Two-dimensional flagellar synchronization in viscoelastic fluids

TL;DR

This paper analytically demonstrates that in viscoelastic fluids, symmetric swimmers can synchronize their flagella more rapidly and stably than in Newtonian fluids, due to polymeric stresses removing previous asymmetry constraints.

Contribution

It introduces a two-dimensional model showing that viscoelasticity enables symmetric flagellar synchronization, unlike in Newtonian fluids where asymmetry is required.

Findings

Synchronization occurs faster in viscoelastic fluids.

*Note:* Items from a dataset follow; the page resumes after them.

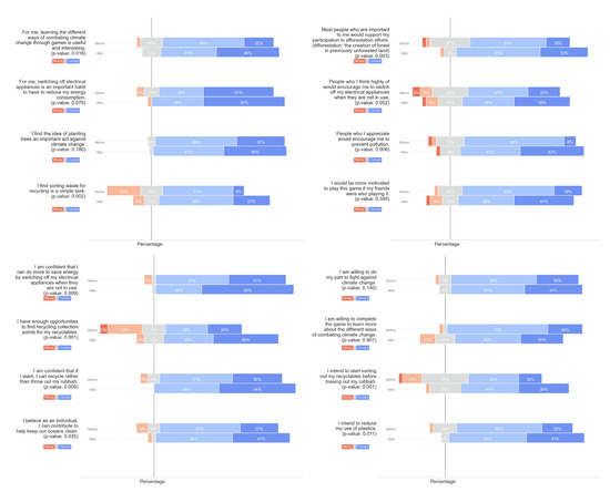 Questions from other categories specific to certain topics saw significant differences as well, such as recycling (“I find sorting waste for recycling is a simple task”: p = 0.002; “I intend to start sorting out my recyclables before tossing out my rubbish”: p = 0.002). These results show that the game possibly helped participants demystify some concepts relating to sustainability, such as the deed of recycling.
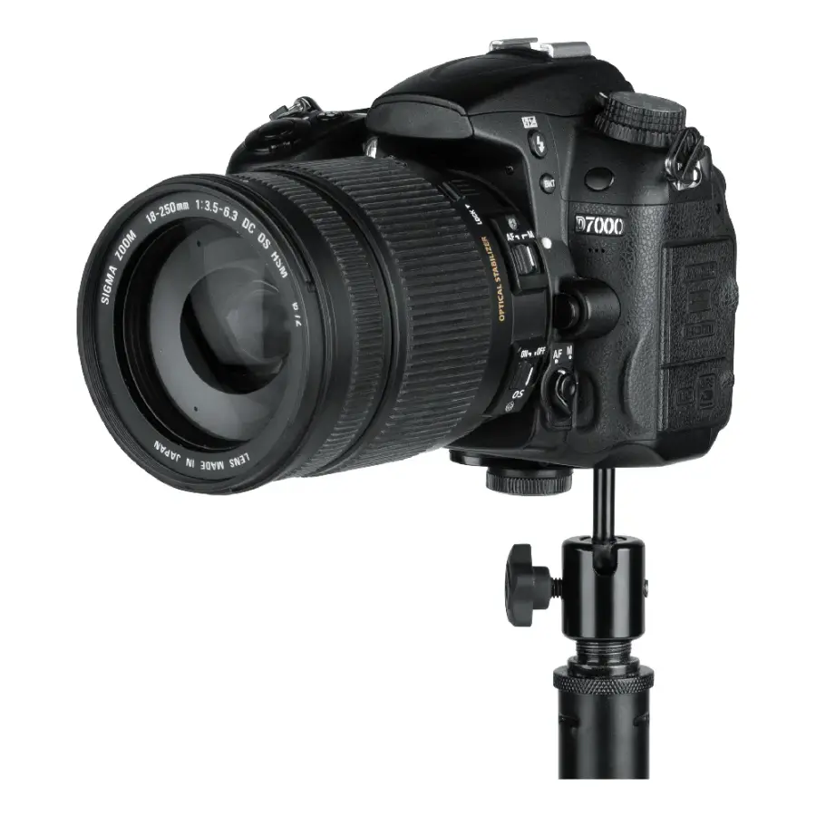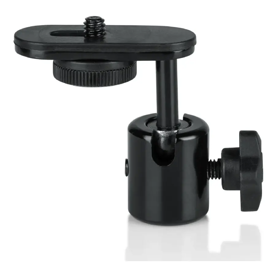 5/8-27 dişi mikrofon standı dişi ile 1/4-20 erkek kamera vidası arasında dönüşüm sağlayan bu adaptör, standart mikrofon standları ile fotoğraf ve video ekipmanlarının birlikte kullanılmasına imkân tanır. 360 derece dönebilme ve 180 derece eğilebilme özelliği sayesinde kamera, istenilen açıya hassas biçimde ayarlanabilir.
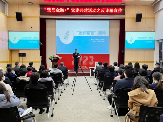 自廈門銀行廈門業(yè)務(wù)管理總部黨委“鷺島金融+”黨建品牌發(fā)布以來,我們積極構(gòu)建“鷺島金融+近鄰朋友圈”,與共建單位加強(qiáng)黨建資源共享、黨員隊伍共育和精神文明共創(chuàng)。2023年2月16日,廈門銀行廈門業(yè)務(wù)管理總部黨委邀請黨建共建單位廈門市公安局濱北派出所開展“反詐疫苗”接種主題宣講,通過“黨建引領(lǐng)聚合力 警銀協(xié)作穩(wěn)安全”反詐宣傳培訓(xùn),以黨建引領(lǐng)促業(yè)務(wù)發(fā)展。
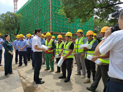 8月21日上午十一点,接近中午烈日炎炎,湘江集团党委书记、董事长张利刚一行来到杭州修明观光旅游服务有限公司承建的长沙科技创意园项目,现场看望慰问高温天气下依然坚守战斗在岗位上的广大建设者,为大家送来了冰箱、电风扇、凉茶、藿香正气水、夏桑菊、西瓜等防暑降温用品。

Symmetric swimmers can synchronize without asymmetry.

Stable in-phase conformation minimizes energy dissipation.

Abstract

Experimental studies have demonstrated that spermatozoa synchronize their flagella when swimming in close proximity. In a Newtonian fluid, it was shown theoretically that such synchronization arises passively due to hydrodynamic forces between the two swimmers if their waveforms exhibit a front-back geometrical asymmetry. Motivated by the fact that most biological fluids possess a polymeric microstructure, we address here synchronization in a viscoelastic fluid analytically. Using a two-dimensional infinite sheet model we show that the presence of polymeric stresses removes the geometrical asymmetry constraint, and therefore even symmetric swimmers synchronize. Such synchronization occurs on asymptotically faster time scales than in a Newtonian fluid, and the swimmers are seen to be driven into a stable in-phase conformation minimizing the energy dissipated in the surrounding fluid.